[CONJ-1091] can't make a connection when the Read Replica DB is in a hang state when SocketTimeout=0 set Created: 2023-07-21  Updated: 2023-08-28  Resolved: 2023-07-26

Status: Closed
Project: MariaDB Connector/J
Component/s: 2.7 compatibility, Failover
Affects Version/s: 2.7.9
Fix Version/s: 3.2.0, 2.7.10

Type: Bug Priority: Major
Reporter: choi heesung Assignee: Diego Dupin
Resolution: Fixed Votes: 0
Labels: None


 Description   

We are using Maria Driver 2.6.2 version to connect MariaDB and Aurora. For Aurora, we configured the primary DB and ReadOnly replica DB using the 'Aurora' keyword, while for MariaDB, we used the 'Replication' keyword for configuration.
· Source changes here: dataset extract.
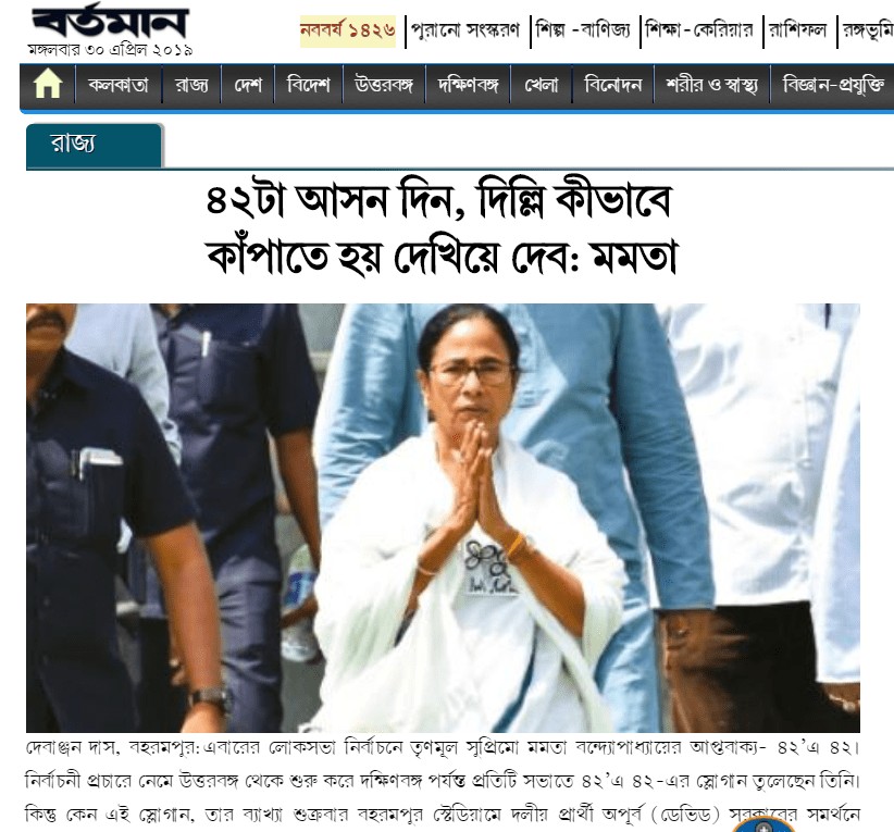 A purported newspaper clipping of popular Bengali daily বর্তমান (Bartaman) is shared on social media with its headline reading, “৪২টা আসন দিন হিন্দু কীভাবে কাঁদা তে হয় দেখিয়ে দেব: মমতা (Give me 42 seats & I’ll show you how to make the Hindus cry: Mamata)”

Here are the connection details we used:

MariaDB:
jdbc:mariadb:replication://primary1,replica1/test

Aurora:
jdbc:mariadb:aurora://primary1,replica1/test?SocketTimeout=0

[Problem]
We are experiencing issues when replica1 DB is under heavy load, causing the CPU usage to approach 100%. Even if replica1 DB is in an abnormal state, we expected the primary1 DB to be usable. However, the jdbc driver is unable to establish a connection and gets stuck in a hang state.

[Trial 1]
Setting connectTimeout does not resolve this problem.

[Trial 2]
Setting SocketTimeout to a shorter value could resolve this issue, but we need a very long query execution time, so SocketTimeout=0 is required.

[Hang position]
https://github.com/mariadb-corporation/mariadb-connector-j/blob/3021f01f1a8b28558f4083ec6b3feb6dea3ee665/src/main/java/org/mariadb/jdbc/internal/protocol/AbstractConnectProtocol.java#L540

When attempting to create a connection, primary1 is successfully acquired, but replica1 gets stuck in a hang state as it does not receive a response in ReadInitialHandShakePacket(reader).

[Request]
We need a timeout for the process of establishing the connection, including the initialization settings after handshaking. This timeout should not be limited to TCP ConnectTimeout but should include the interval until the initialization settings are completed, as shown in the following section:
https://github.com/mariadb-corporation/mariadb-connector-j/blob/3021f01f1a8b28558f4083ec6b3feb6dea3ee665/src/main/java/org/mariadb/jdbc/internal/protocol/AbstractConnectProtocol.java#L598"



 Comments   
Comment by Diego Dupin [ 2023-07-25 ]

This is a strange case to have socket successful established, but packet not exchanged, but this can clearly occurs when using proxy.
Best would be to set another "connection socket timeout", but for simplicity, connectTimeout that is normally only set for socket creation can be reused for socket timeout until connection is successfully connected, then if set, socketTimeout will normally be set.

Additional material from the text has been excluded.